POF: Märkte, Applikationen und Verarbeitung
Verarbeitungs-Know-how ist entscheidend Holger Herrmann und Pete Doyon, Schleuniger, Thun (Schweiz)

POF ist die aus dem Englischen kommende Bezeichnung für Kunstoff-Lichtwellenleiter und ist die international anerkannte Abkürzung für Polymer-Optical-Fiber oder Plastic-Optical-Fiber. Wie alle optischen Fasern, wird auch POF dazu verwendet, Licht zu übertragen – sei es für die Datenübertragung oder für verschiedene Anwendungen in der Beleuchtungstechnik. Der Kern einer POF-Faser ist mit einem Durchmesser von 0,98 mm ungefähr achtmal größer als der einer Standard-Glasfaser (GOF – Glass Optical Fiber), was es im Vergleich zu GOF erheblich einfacher macht, POF zu verarbeiten und zu installieren.

Der Weltmarkt für POF hatte 2002 gemäß einer von Information Gatekeepers (IGI) veröffentlichten Studie ein Volumen vom 500 Mio. US$ und wird bis 2006 auf 2 Mrd. anwachsen. Das deutlich gesteigerte Marktvolumen wird vor allem auf starkes Wachstum in den Verbrauchermärkten und in der Automobilindustrie zurückzuführen sein. Ein eher verhaltenes Wachstum wird in den Märkten für Verbindungstechnik, Gebäudeinstallationen und industrielle Steuerungen erwartet.

POF hat gegenüber anderen Leitern wie GOF oder Kupfer diverse Vorteile. Die typischen Eigenschaften von Plastik machen POF flexibler und weniger beschädigungsanfällig als Single-Core-GOF, wobei POF gleichzeitig weniger wiegt und weniger Platz benötigt als Kupfer. Sowohl POF als auch GOF bieten die Möglichkeit einer wesentlich höheren Bandbreite und verursachen im Gegensatz zu Kupfer keine elektromagnetischen Interferenzen (EMI) oder Hochfrequenzstörungen (RMI). Wie bei allen optischen Leitern ist auch bei POF die Übertragung „immun“ gegenüber elektromagnetischen Wellen. Gleichzeitig ist es sehr schwer unerwünscht abzuhören, und dadurch eine sehr gute Wahl für alle sicherheitsrelevanten Anwendungen. Je höher die Übertragungsfrequenz, desto ökonomisch sinnvoller wird es, POF anstatt kupferbasierter Lösungen wie verdrillte Leitungen oder Koax einzusetzen. POF ist zudem auch äußerst vibrationsresistent. Während es der relativ große Kern vereinfacht, den Lichtweg innerhalb Steckverbindungen, Lichtsendern und -empfängern auszurichten, wird POF auch deshalb häufig bevorzugt, weil es sich vergleichsweise einfach kontaktieren, bearbeiten und verbinden lässt – was letztendlich zu geringeren Installationskosten führt.

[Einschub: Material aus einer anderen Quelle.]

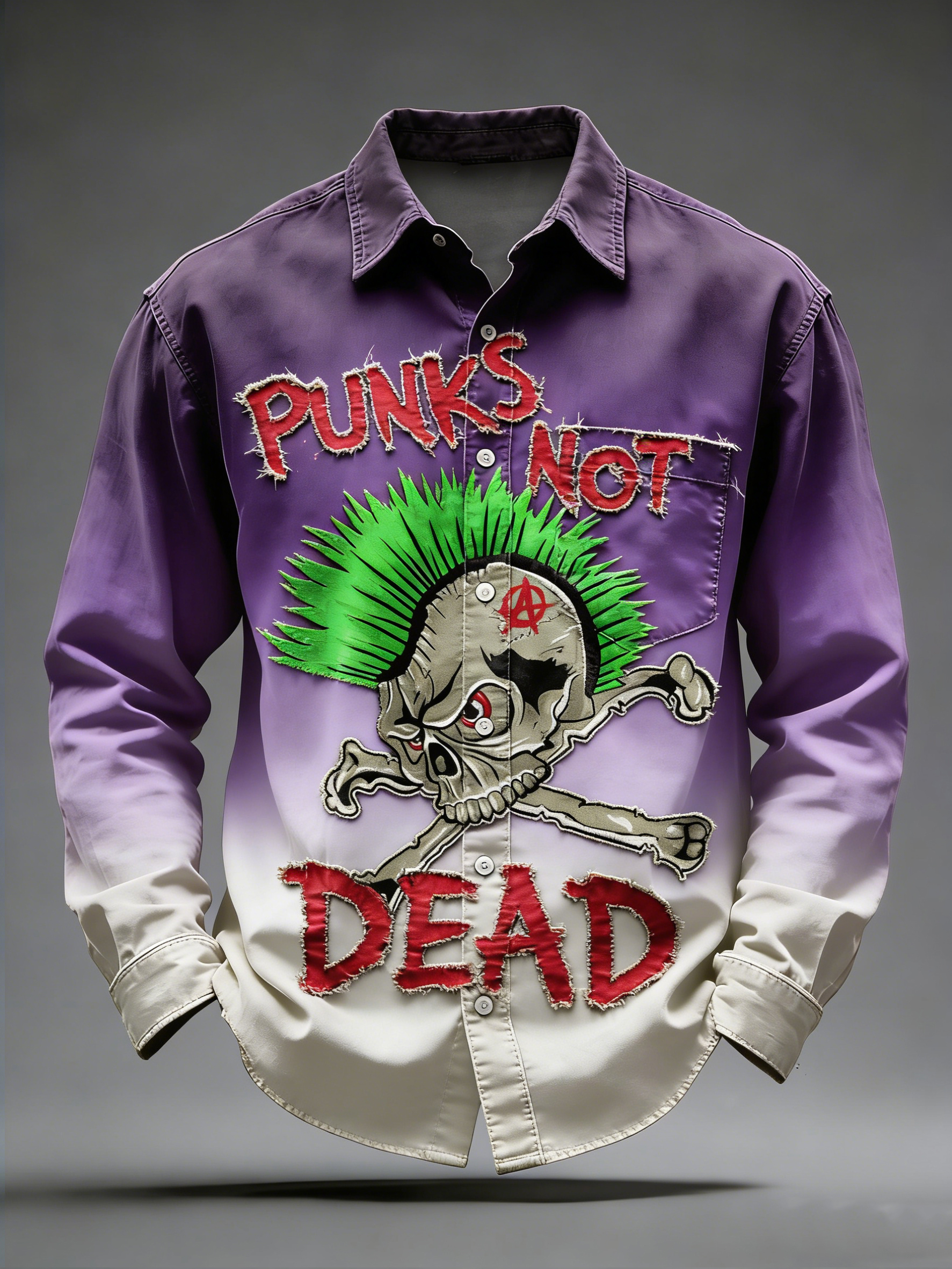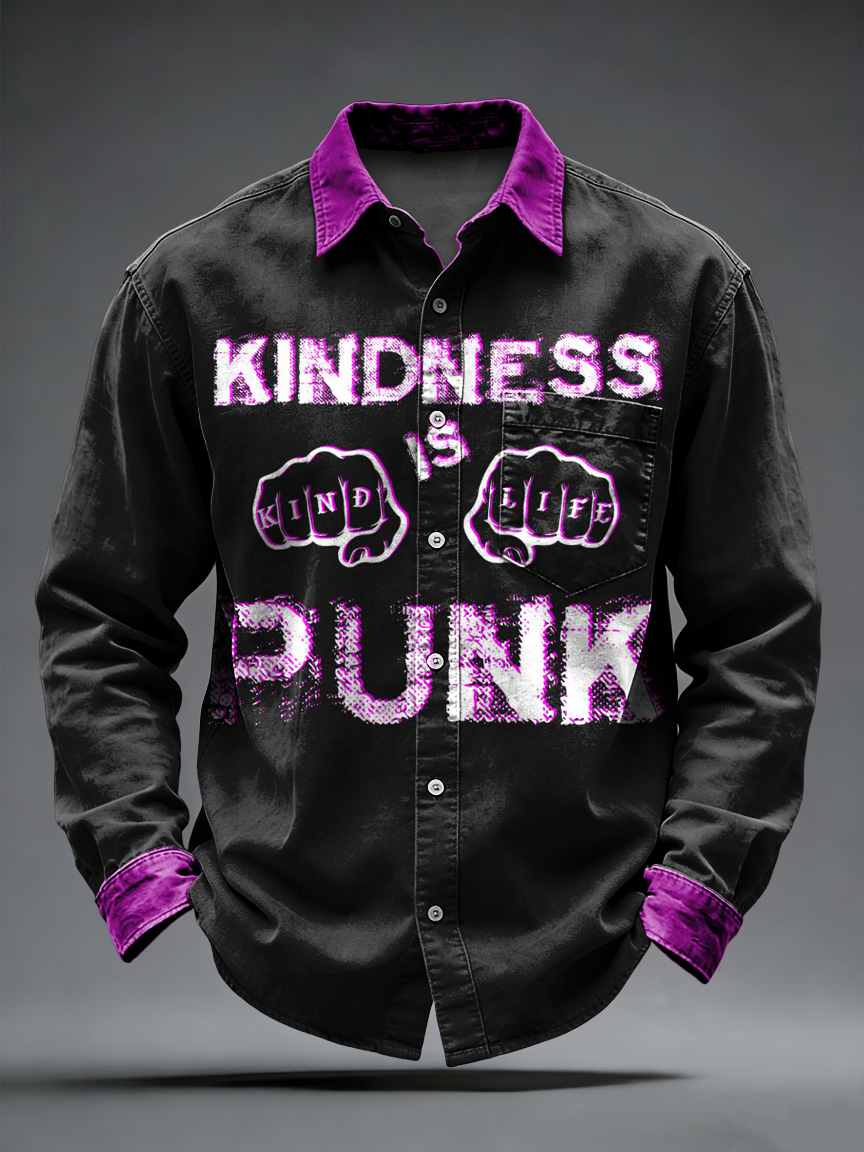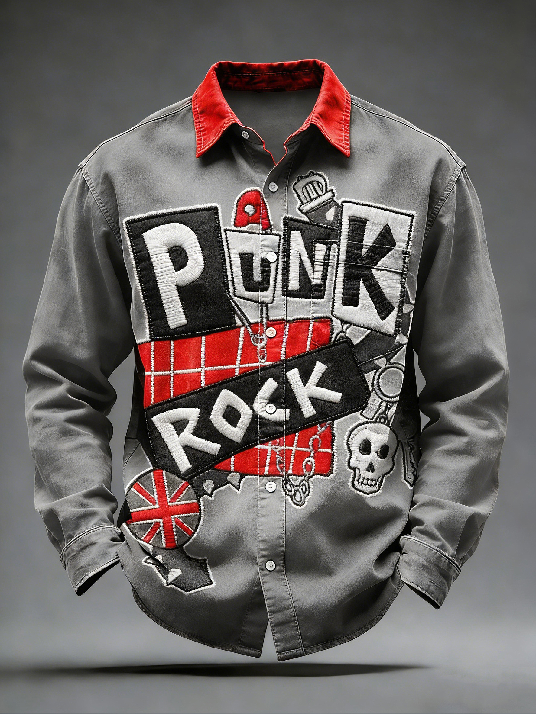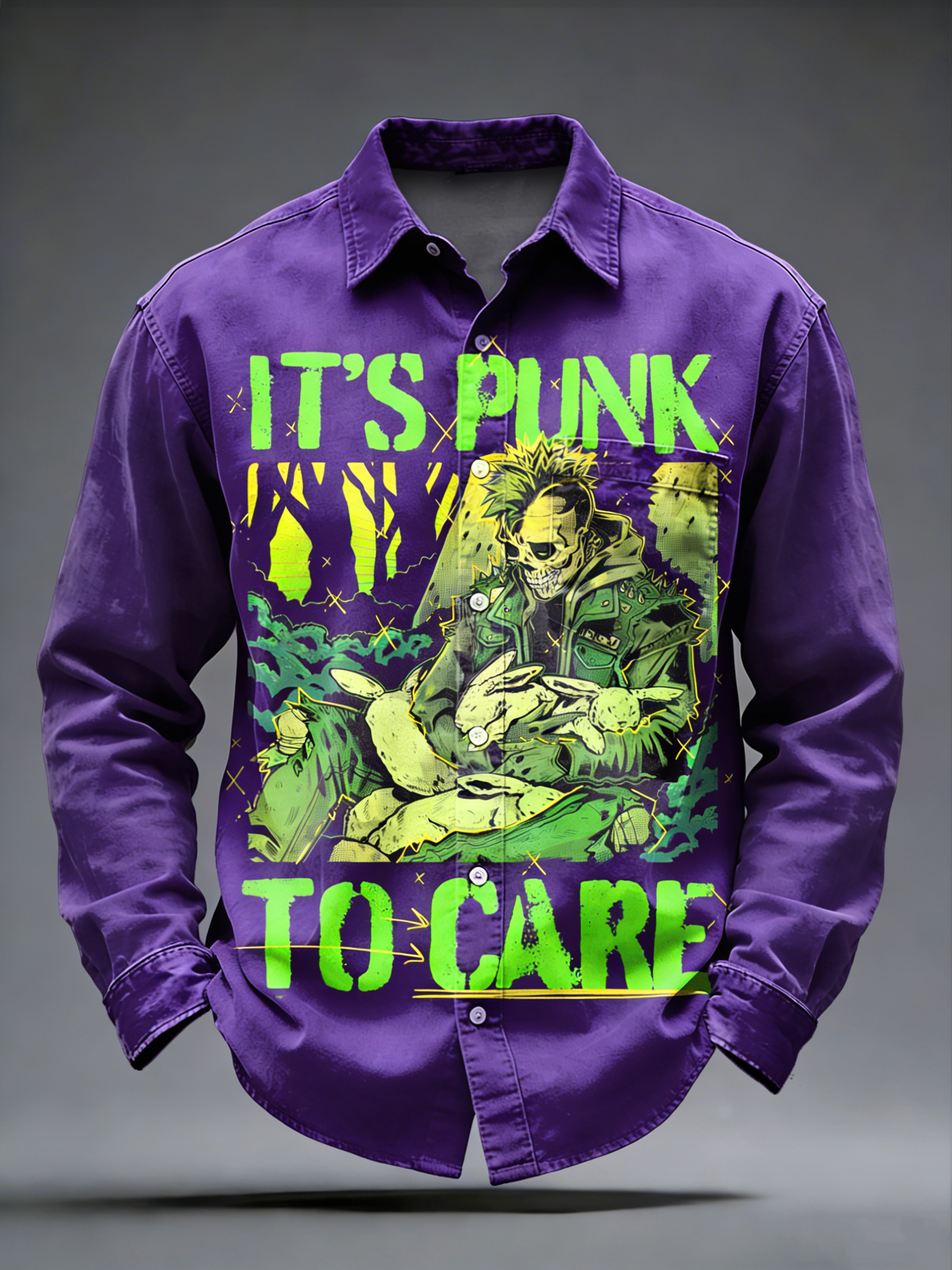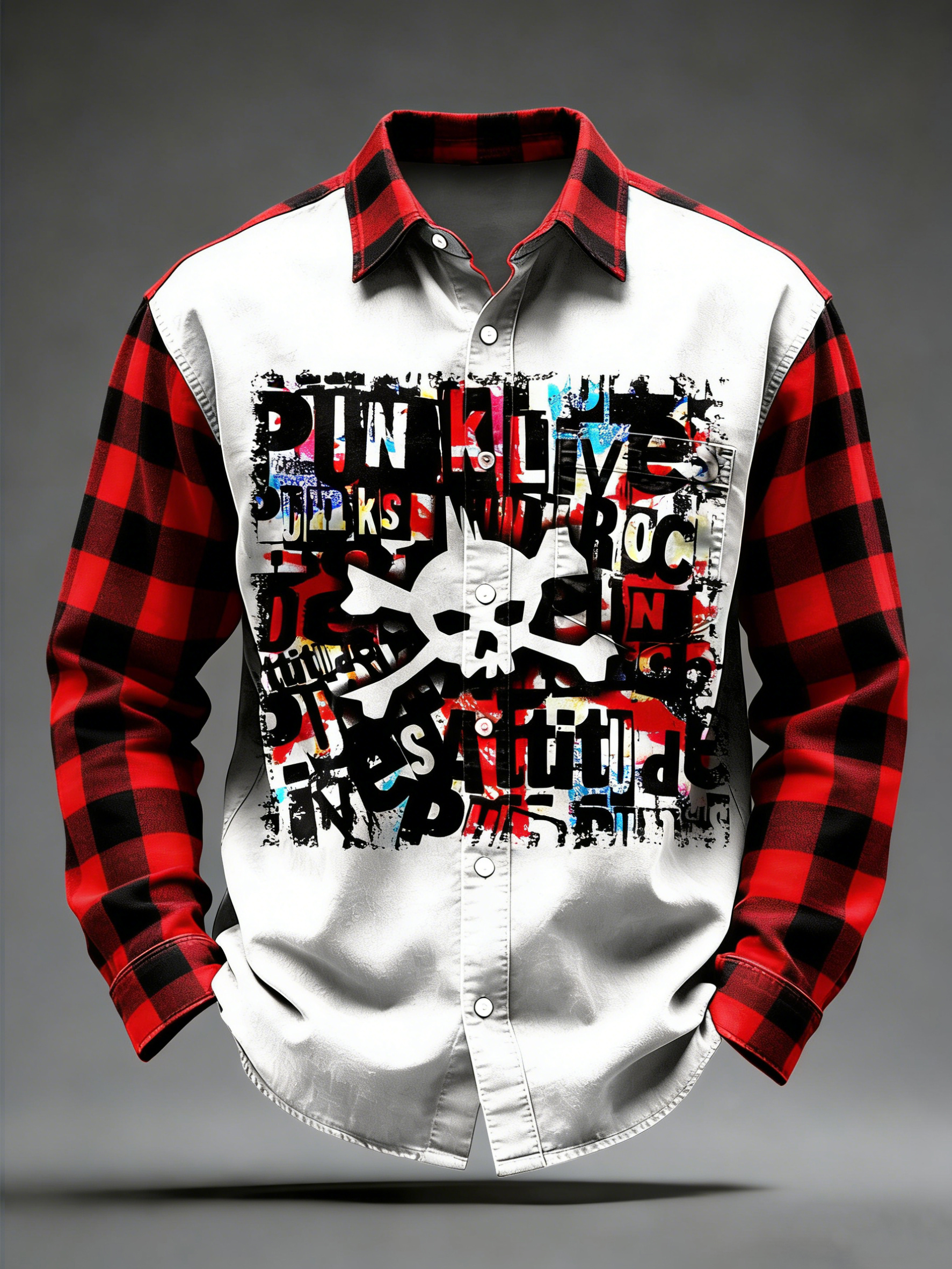 Men's Retro Punk Music Printed Long Sleeved Pocket Shirt

Natürlich hat POF auch einige Nachteile. So hat es im Vergleich zu GOF einen höheren Dämpfungsverlust und wird somit überwiegend für kurze Distanzen, typischerweise bis zu 50 Meter, verwendet. Heute verwendetes POF eignet sich außerdem nicht für den Einsatz in Umgebungen, in denen hohe Temperaturen herrschen, wie zum Beispiel Sensoren im Motorbereich von Automobilen. Zur Zeit wird jedoch an der Verbesserung genau dieser Problematik fieberhaft gearbeitet, und erste vielversprechende Lösungen sind bereits in Aussicht.

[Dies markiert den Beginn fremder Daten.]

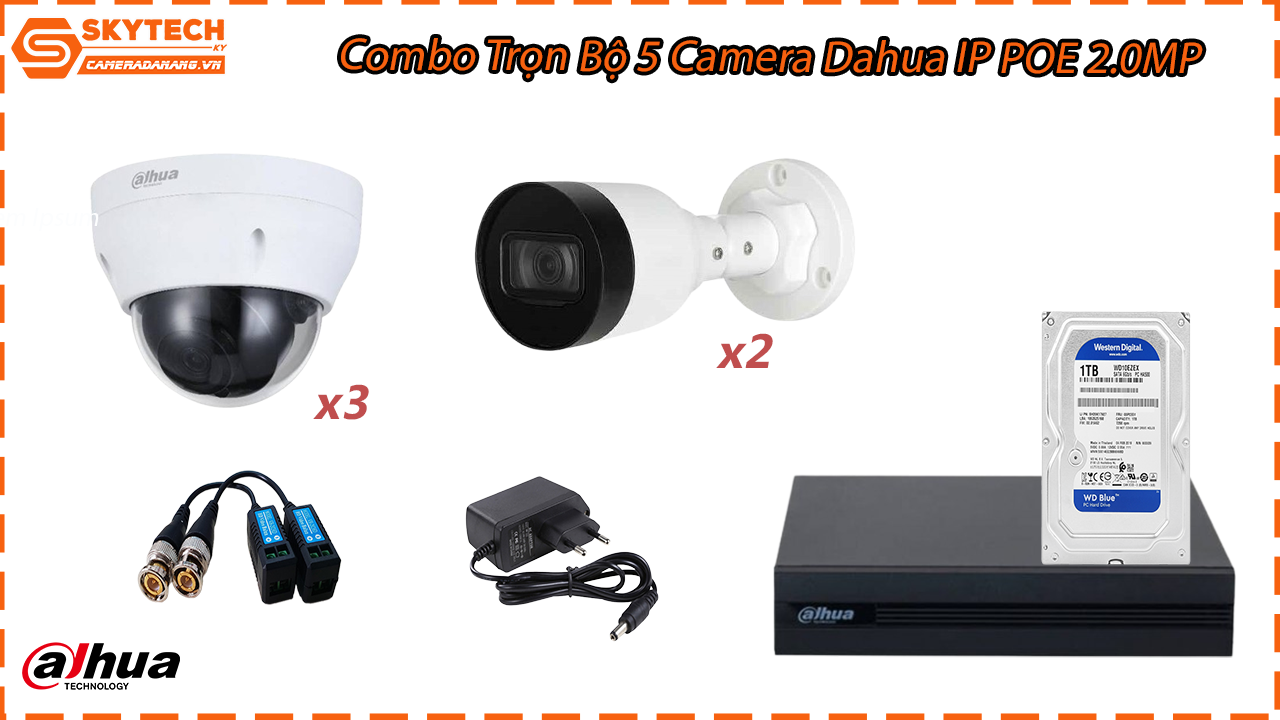 Combo Trọn Bộ 5 Camera Dahua IP 2.0MP gồm những gì?
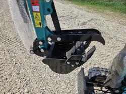 Open station, 420cc gas engine, 16 inch dig bucket, manual thumb, 2 Ft 8 inch stick, backfill blade, 7 inch rubber tracks
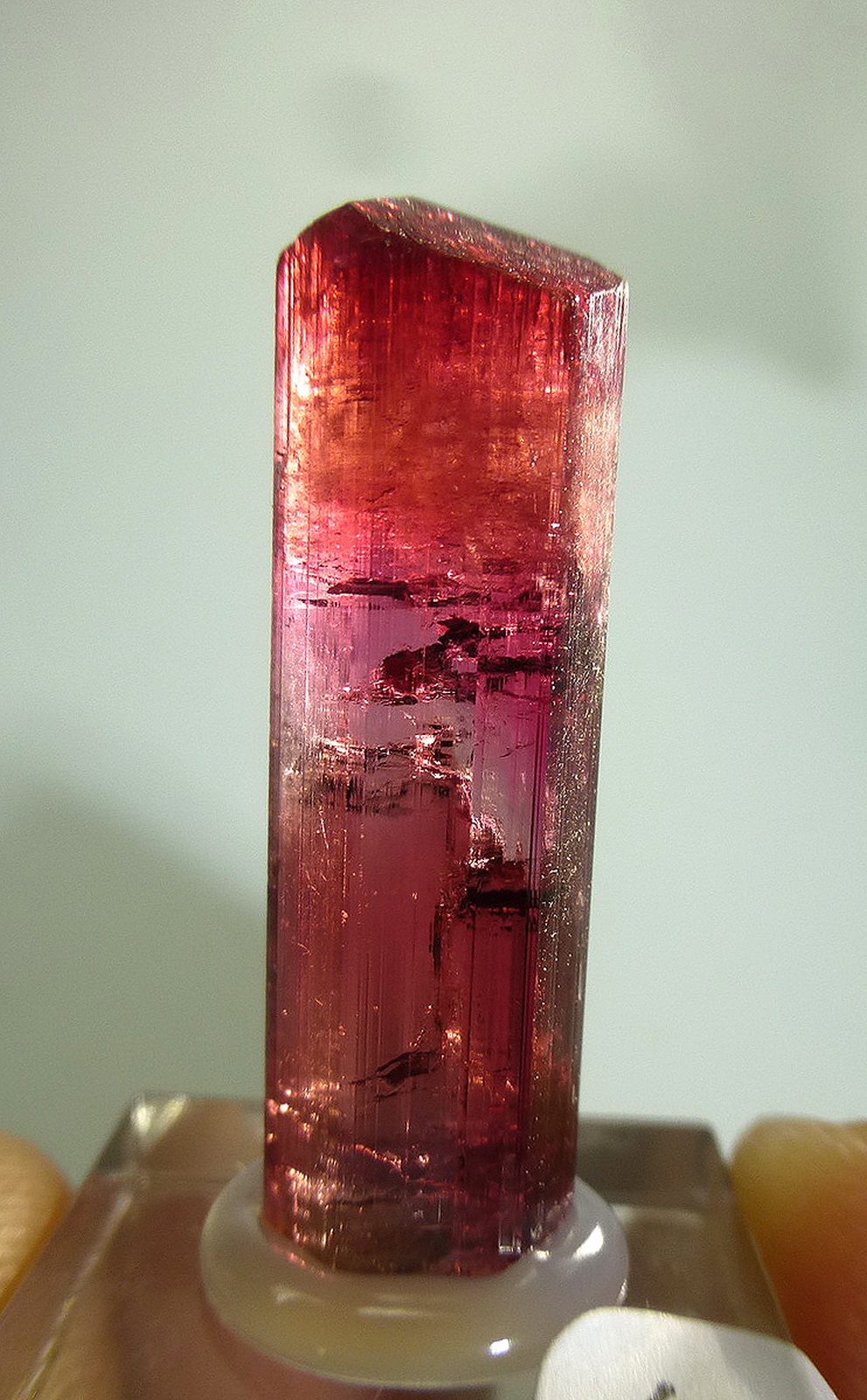 Undamaged rubellite crystal from an old find at Cruzeiro mine. It features nicely changing red and deep pink hues.

Aufgrund seiner Charakteristiken und Fähigkeiten ist POF ein idealer Leiter, um Netzwerke aller Art über kurze Distanzen zu realisieren. Obwohl solche Netzwerke in Privathaushalten, Büros, Gebäuden sowie in den verschiedensten Transportmitteln installiert werden können, werden sie bis heute vorwiegend im Automobilbau verwendet. Da Autos immer komplexer und komfortabler werden, wird das Gewicht und Volumen herkömmlicher kupferbasierter Netzwerke vermehrt zum Problem für neue Automobildesigns. Ein einziges POF-Kabel kann erheblich zur Gewichts- und Raumersparnis beitragen, da es viele einzelne Kupferleitungen ersetzen kann. Da die Verwendung von Elektronik bei Neuwagen in den letzten Jahren durch Anwendungen wie Navigationssysteme, Freisprechanlagen oder TV/DVD-Unterhaltung für die Fondpassagiere nochmals stark angewachsen ist, besteht ein dringender Bedarf an raum- und gewichtseffizienten Lösungen. Die Kommunikation zwischen all diesen Geräten muss dabei ohne gegenseitige Interferenzen oder Störungen der anderen Bordnetze gewährleistet sein. POF eignet sich allerdings nicht nur sehr gut für Anwendungen im Bereich Unterhaltung und Kommunikation, sondern auch für verschiedene Sicherheitssysteme und neue „X-by-wire“-Technologien. Neben der Datenübertragung kann POF auch für Beleuchtungszwecke, wie beispielsweise Oberlichter, Tür- und Instrumentenbeleuchtung eingesetzt werden. Einer der Vorteile ist etwa, dass durch eine zentralisierte Lichtquelle eine Vielzahl an Glühbirnen ersetzt werden kann, und dadurch die Servicefreundlichkeit des Systems erheblich gesteigert wird.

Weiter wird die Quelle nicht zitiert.